New Freedom of Information research from the Association of Radical Midwives and Fund Future Midwives UK campaign reveals one predicted NQM job for every 3.6 final-year midwifery students, and the jobs that do exist are increasingly part-time and precarious.
By Gillian Meldrum · ARM Steering Group, supporting Fund Future Midwives UK
The story we keep hearing about midwifery is one of crisis: services dangerously understaffed, midwives leaving, women and birthing people receiving care from a workforce stretched past breaking point. So why, at the end of three years of training, are so many newly qualified midwives, the very people the NHS desperately needs, finding there are no jobs for them to interview for?

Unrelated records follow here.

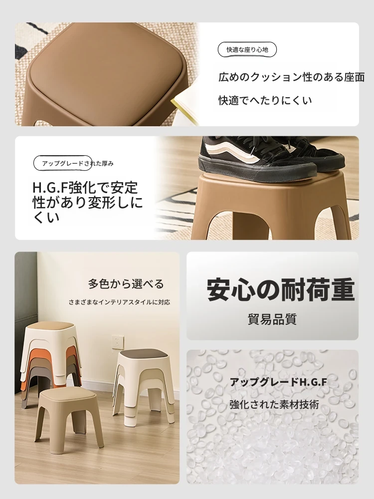厚手仕様のプラスチック製ミニスツール - リビングにぴったりの頑丈で耐久性抜群!柔らかいクッション付き、子供向けの四角いスツールはスタッキング可能で、家庭での使用に最適です。
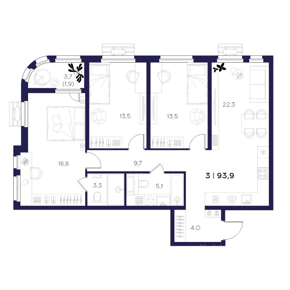 Общая площадь93,9 м2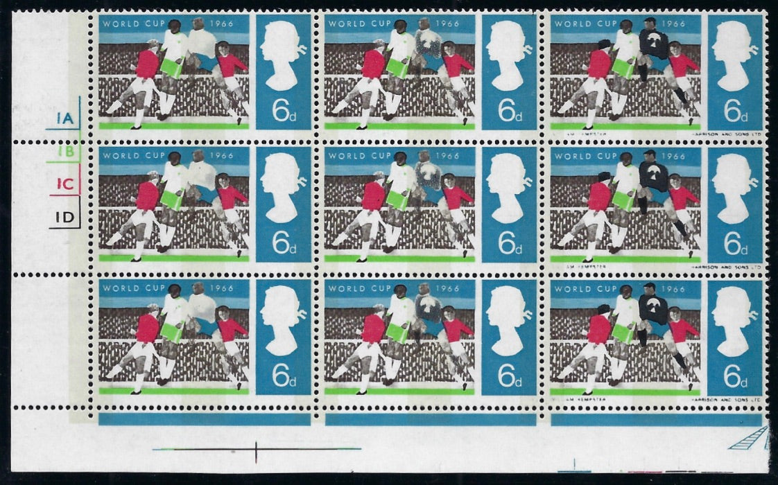 Superb unmounted mint with full original gum left hand corner marginal cylinder block of 9 with black (Goalkeepers Jersey and '1E' cylinder) omitted from the first column and partially omitted on the second.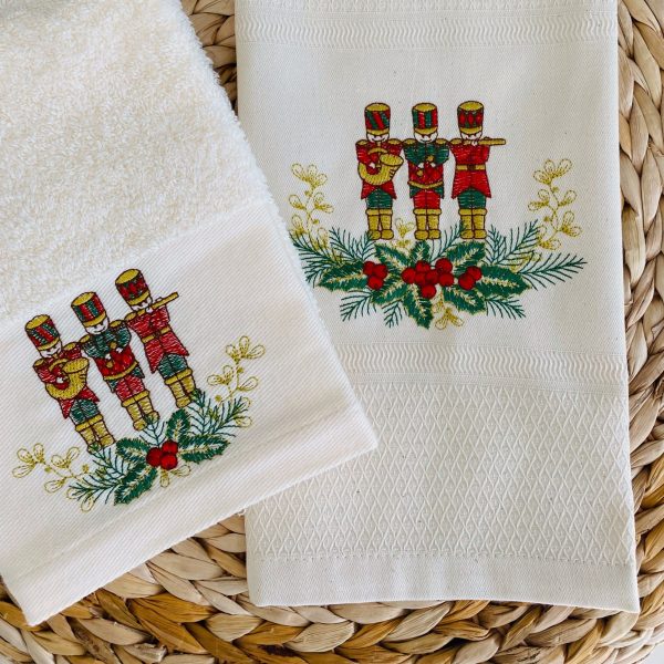 Pano de cozinha bege com bordado de Soldadinhos ao centro da barra.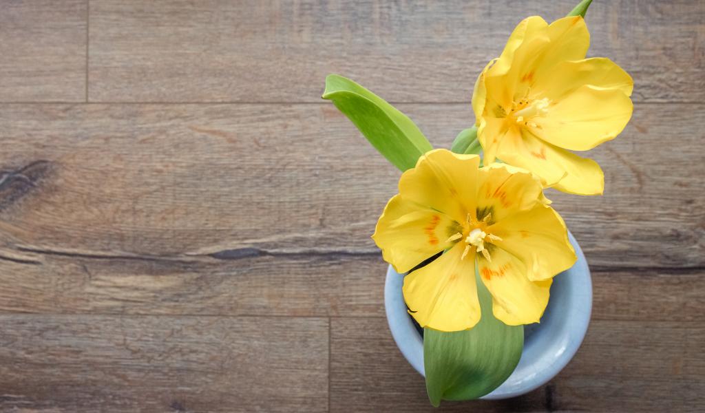 Wallpaper Two yellow tulip flowers on the table in a vase

I wanted to know how bad the gap really is, and whether the picture being painted in the press matched what was happening on the ground throughout the country. So on behalf of ARM, and in support of the Fund Future Midwives UK, I submitted Freedom of Information requests to NHS trusts and health boards across England and Wales.
We now have responses from 60 organisations, covering 1,586 final-year student midwives due to qualify in summer 2026, more than half of the estimated English cohort.

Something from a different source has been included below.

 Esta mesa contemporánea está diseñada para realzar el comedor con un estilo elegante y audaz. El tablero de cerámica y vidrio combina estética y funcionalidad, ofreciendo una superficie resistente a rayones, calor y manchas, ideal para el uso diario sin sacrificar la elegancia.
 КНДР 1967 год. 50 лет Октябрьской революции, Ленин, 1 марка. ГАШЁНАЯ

What the responses show, I’m afraid, is a workforce planning failure hiding in plain sight.

The headline gap
Of the 60 trusts that responded, 25 told us they were unable to predict how many newly qualified midwife (NQM) posts they expected to have available between September and December 2026. The 35 trusts that could give us a number reported a combined 848 final-year students placed with them and just 229.22 predicted vacancies between them.
That works out at one predicted NQM job for every 3.6 students. A vacancy rate equivalent to 27% of student numbers. Two trusts, Gateshead and Morecambe Bay, reported predicted vacancies equal to or greater than their student numbers, but they are very much the exceptions.
For most students, the picture is one of deep uncertainty about whether the job they have trained for will actually exist when they qualify.
What happened last year is no comfort
Because so many trusts couldn’t provide any information on predicted future vacancies, we also asked what they had actually recruited to since September 2025. This seemed a reasonable proxy for what students entering the jobs market this summer might expect, if the provisions of the ‘Graduate Guarantee’ of last year are replicated.
Fifty-nine trusts (covering 1,559 students) gave us this information. Between them, they recruited 1,118.7 NQMs since September 2025, equivalent to 72% of the current final year intake.
In other words: even with the ‘Graduate Guarantee’ in place, more than one in four newly qualified midwives did not find an NHS post in the trust where they trained (reflecting similar findings to the RCM Survey). The predicted picture for this autumn looks worse, not better.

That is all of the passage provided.